> YOUR OBJECTIVE
When you copy the data, keep every word exactly as it is and leave the pictures out.

> DATASET CONTENT

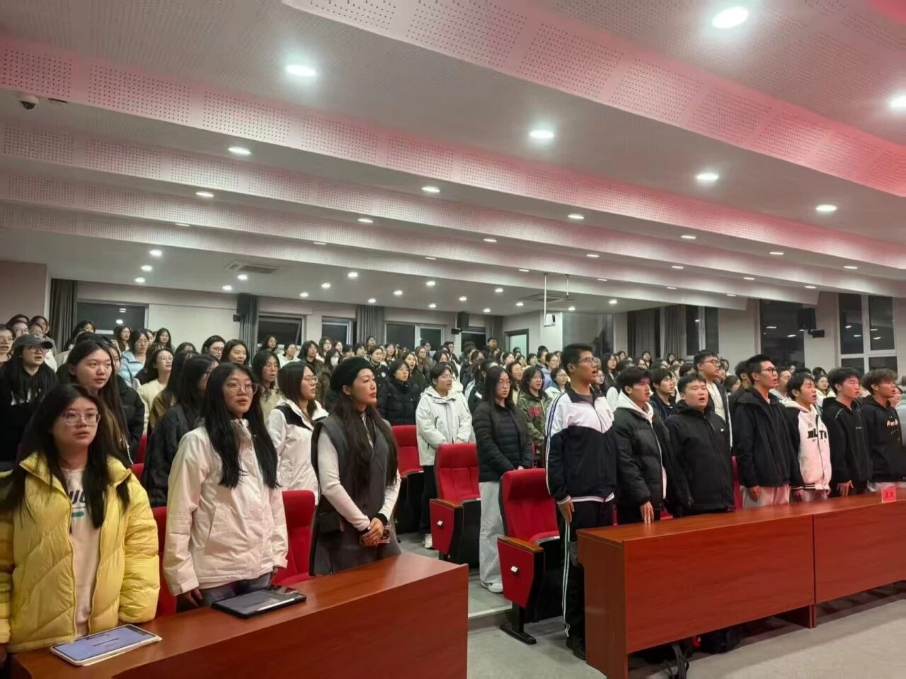 首先,裴老师以互动提问大家对抗美援朝的了解程度来开启讲座,在肯定师生的积极回应后,裴老师详细介绍了抗美援朝纪念馆的基本情况,让大家更清楚的认识到每一处都承载着不同的历史记忆与教育意义。随后,裴老师以“中国人民志愿军战歌”“抗美援朝纪念日”“冰雪长津湖”等8个经典故事为脉络,串联起抗美援朝战争的主线,让抽象的历史变得生动可感。讲座中,裴老师还分享了自己传播红色故事的经历:为向朱彦夫致敬,她曾跨越1000多公里前往山东淄博拜访,至今随身携带朱彦夫签名的书籍,以此提醒自己“讲好英雄故事,传承红色精神”。这种真挚的情感传递,让现场师生深受触动。最后,裴老师与现场师生共同诵读伟大抗美援朝精神的核心内涵,并齐唱《中国人民志愿军战歌》,激昂的歌声将现场氛围推向高潮。她勉励同学们铭记历史,将抗美援朝精神转化为奋进力量,为中华民族伟大复兴贡献青春力量。
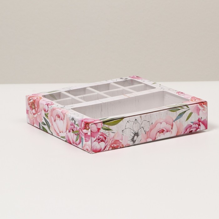 Коробка под 8 конфет + шоколад, с окном , пионы, 17,7 х 17,85 х 3,85 см
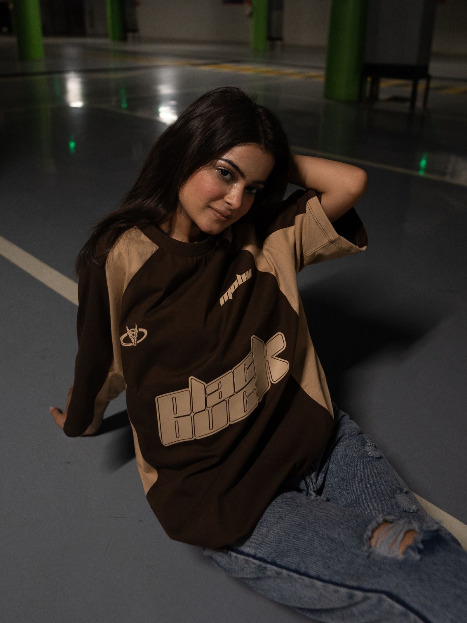 Our model is 6'1, chest-39 and is wearing a large size, oversized fit

> EXERCISE RESPONSE
 首先,裴老师以互动提问大家对抗美援朝的了解程度来开启讲座,在肯定师生的积极回应后,裴老师详细介绍了抗美援朝纪念馆的基本情况,让大家更清楚的认识到每一处都承载着不同的历史记忆与教育意义。随后,裴老师以“中国人民志愿军战歌”“抗美援朝纪念日”“冰雪长津湖”等8个经典故事为脉络,串联起抗美援朝战争的主线,让抽象的历史变得生动可感。讲座中,裴老师还分享了自己传播红色故事的经历:为向朱彦夫致敬,她曾跨越1000多公里前往山东淄博拜访,至今随身携带朱彦夫签名的书籍,以此提醒自己“讲好英雄故事,传承红色精神”。这种真挚的情感传递,让现场师生深受触动。最后,裴老师与现场师生共同诵读伟大抗美援朝精神的核心内涵,并齐唱《中国人民志愿军战歌》,激昂的歌声将现场氛围推向高潮。她勉励同学们铭记历史,将抗美援朝精神转化为奋进力量,为中华民族伟大复兴贡献青春力量。
 Коробка под 8 конфет + шоколад, с окном , пионы, 17,7 х 17,85 х 3,85 см
 Our model is 6'1, chest-39 and is wearing a large size, oversized fit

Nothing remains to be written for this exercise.